Nvidia Is Becoming the Market
The biggest reason the S&P 500 keeps grinding upward is simple: Nvidia (NASDAQ:NVDA | NVDA Price Prediction) has become too large to ignore.
Carrying a market valuation of more than $5.2 trillion, the AI chipmaker is the largest publicly traded company in the world. And because the S&P 500 is weighted by market capitalization, the largest companies exert the biggest pull on the index’s direction.
That distinction matters far more than many investors realize. Here’s what the numbers show through 2026 so far:
| Group | Average Return YTD |
| Largest 10 S&P 500 stocks | +7.8% |
| Smallest 10 S&P 500 stocks | -23.1% |
In other words, a large swath of stocks are actually falling this year by significant percentages even as the index keeps hitting records. Only 57% of the 503 stocks in the S&P are in the green this year, and many just barely so. Just 197 of them are beating the index’s average, meaning 61% of the components are underperforming the market.
That’s not what a healthy broad-based rally usually looks like.
Let’s put Nvidia’s influence into perspective. Nvidia stock is up more than 15% year to date. Meanwhile, Sandisk (NASDAQ:SNDK) — despite soaring 522% this year — carries a market value of just $298 billion. Nvidia’s gains therefore move the index far more than smaller companies posting much larger percentage returns.
The math is staggering: Nvidia alone accounts for roughly 20% of the S&P 500’s entire 9% gain this year. One stock is responsible for one-fifth of the market’s advance.
The Rally Beneath the Rally
What makes this dynamic even more interesting is that Nvidia wasn’t acting like a market rocket ship for most of the past year.
Since August 2025, shares largely traded sideways in a relatively narrow range as investors questioned whether the AI spending boom could continue indefinitely. Then, over the past several weeks, the stock finally broke out again.
That breakout came even after Nvidia delivered another blockbuster quarterly earnings report that, oddly enough, still triggered some profit-taking afterward. According to the company’s latest earnings release, data center revenue continued expanding at a pace few companies in history have ever maintained.
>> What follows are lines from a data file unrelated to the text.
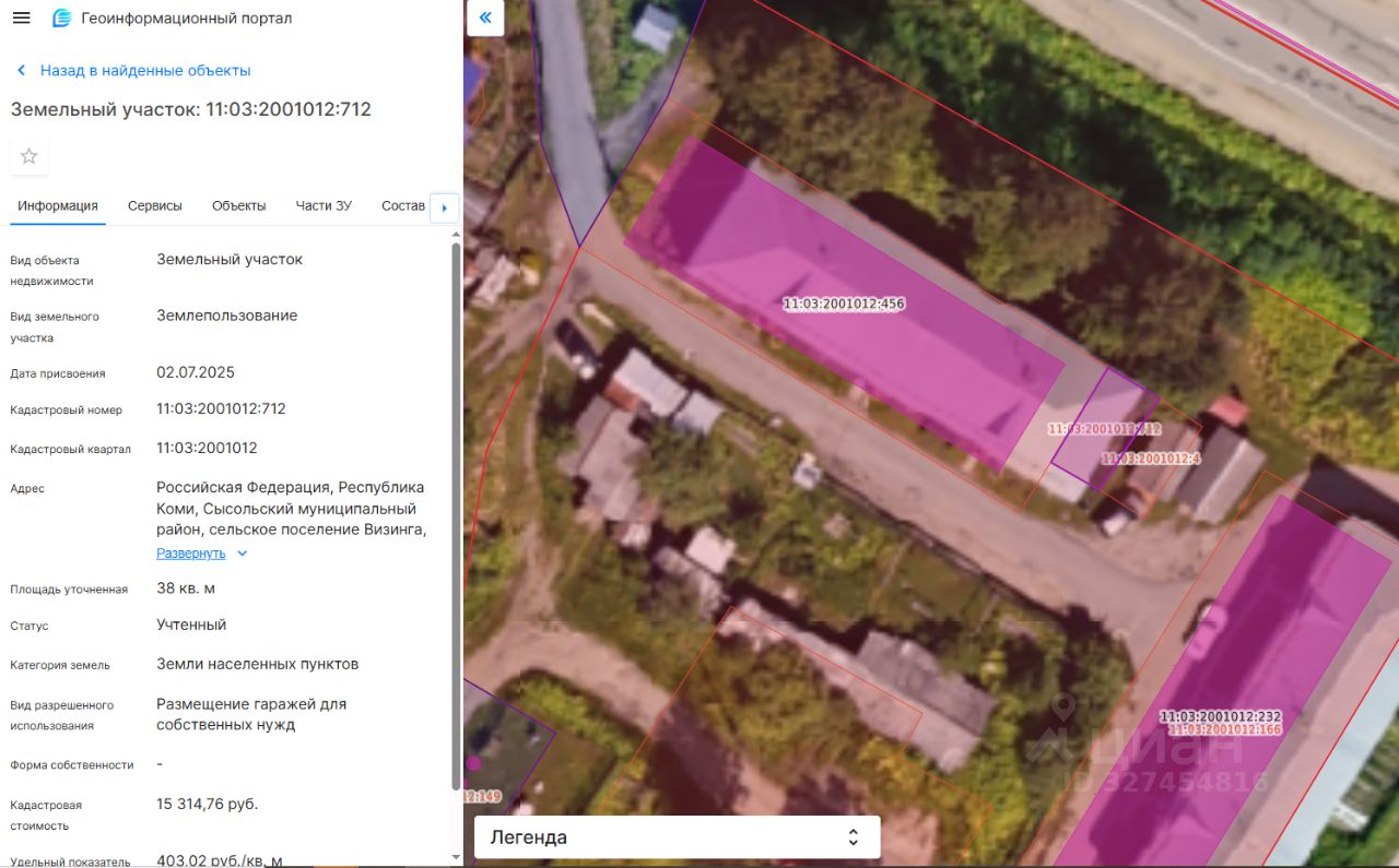 Земельный участок с кадастровым номером 11:03:2001012:712 из состава земель населенных пунктов, площадью 38 кв. м, с видом разрешенного использования размещение гаражей для собственных нужд, расположенный по адресу: Российская Федерация, Республика Коми, Сысольский муниципальный район, сельское поселение Визинга, с. Визинга, ул. Оплеснина
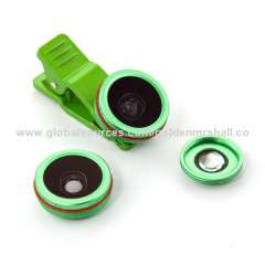 180度鱼眼镜头0.67x广角10X微距3合1镜头手机相机,多色,免费标志,OEM
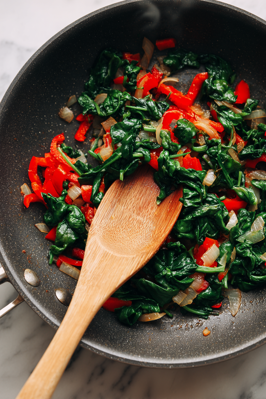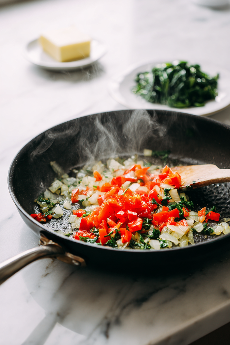 - In a pan, melt a bit of butter. Toss in the onion, cook for 2 minutes. Then, add the bell pepper, give it another minute. Finally, throw in the spinach and let it party for another minute.
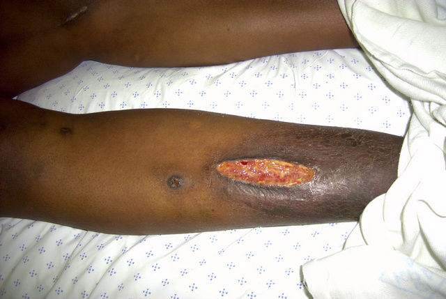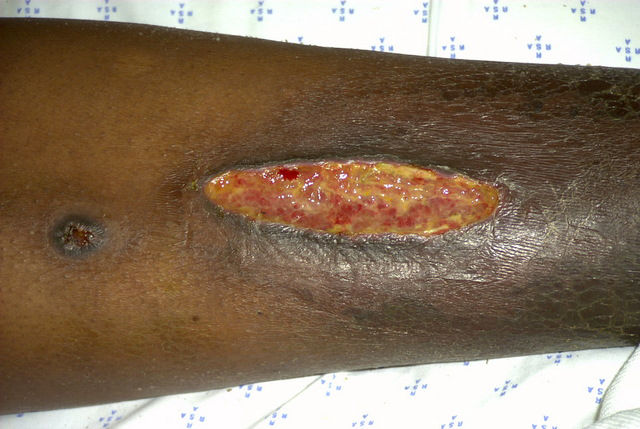 Necrotic collagen anchoring debris to the wound disintegrates and is absorbed by the Chemspunge wound dressing. (No cleaning of the wound is required, the wound is cleaned through osmotic pressure)
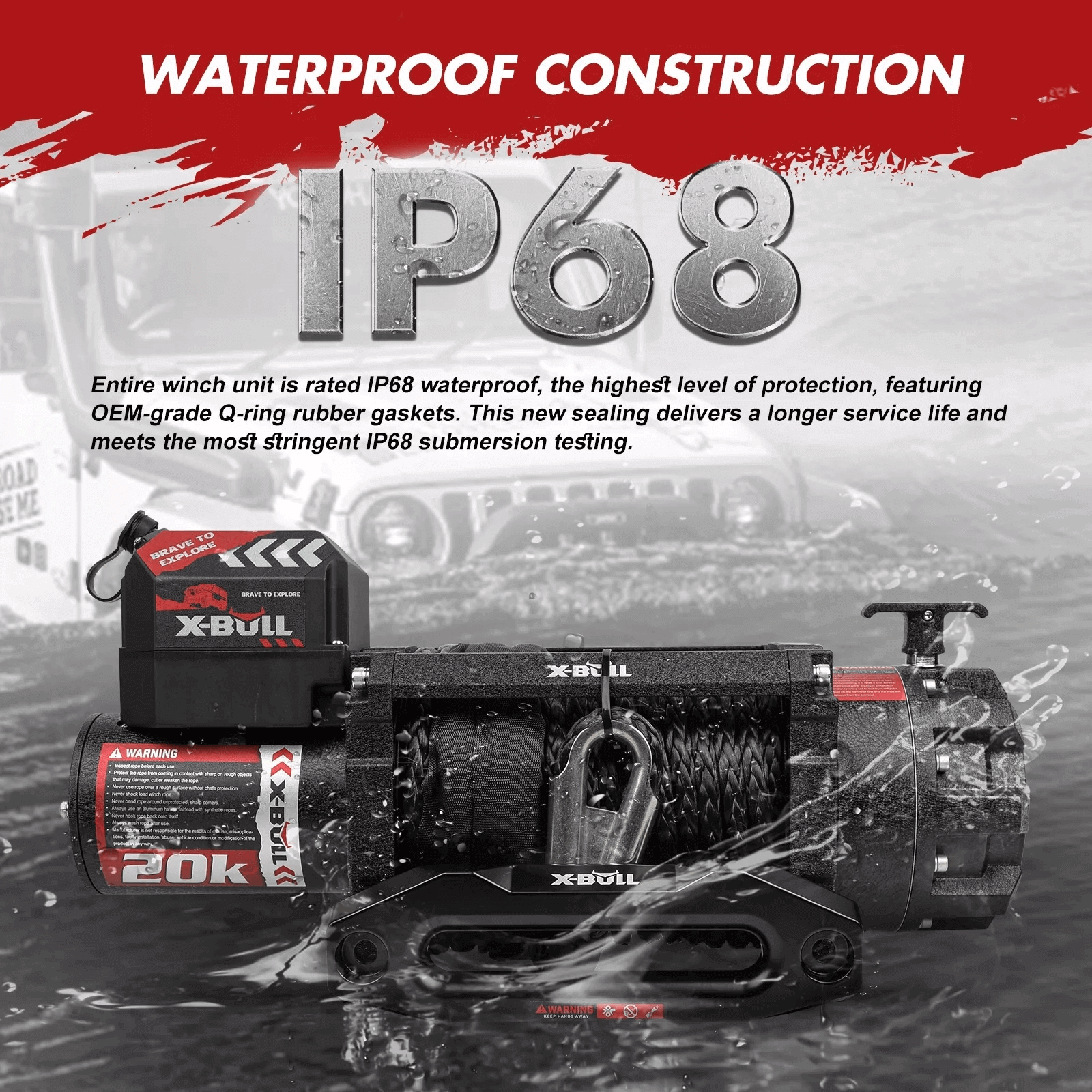X-BULL 12V Electric Winch 20000LBS Synthetic Rope Truck Trailer Winch 4X4 4WD
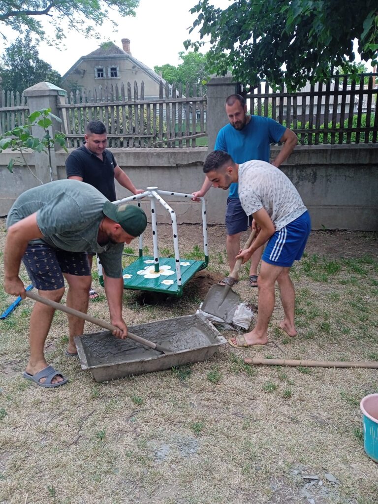 Из бывшей «вертушки», которая была при входе в ДК, сделали и установили маленькую карусель, разрисовав ее яркими цветами.

Granted, Nvidia’s fundamentals remain difficult to argue against. The company still dominates AI accelerators, hyperscale data center spending remains elevated, and demand for GPUs continues outrunning supply in many markets.
But investors should recognize what’s happening under the surface.
This increasingly resembles the “Magnificent Seven” rally investors have watched since 2023 — where a tiny group of mega-cap technology stocks generated an outsized percentage of the market’s gains while many sectors lagged behind.
Meanwhile, several economic indicators continue flashing warning signs. Recent inflation data from the Bureau of Labor Statistics showed price pressures remaining sticky, while higher fuel costs tied to geopolitical tensions continue squeezing consumers. Consumer confidence readings have also weakened in recent months.
That said, none of those concerns matter much when trillions of dollars continue pouring into AI infrastructure spending. At least for now.
Key Takeaway
In short, investors need to stop thinking of 2026 as a classic “stock market rally.” It’s increasingly an Nvidia rally — or, more broadly, a Big Tech rally concentrated in a handful of trillion-dollar companies.
The S&P 500’s structure amplifies that effect because the largest stocks carry the greatest weight. Nvidia doesn’t need every company to rise alongside it. It’s large enough to drag the index higher almost by itself.
That doesn’t mean investors should panic. But it does mean sharp investors need to understand what they actually own when buying index funds at today’s levels. Because if Nvidia stumbles, the market may discover this rally wasn’t nearly as diversified as the headlines suggested.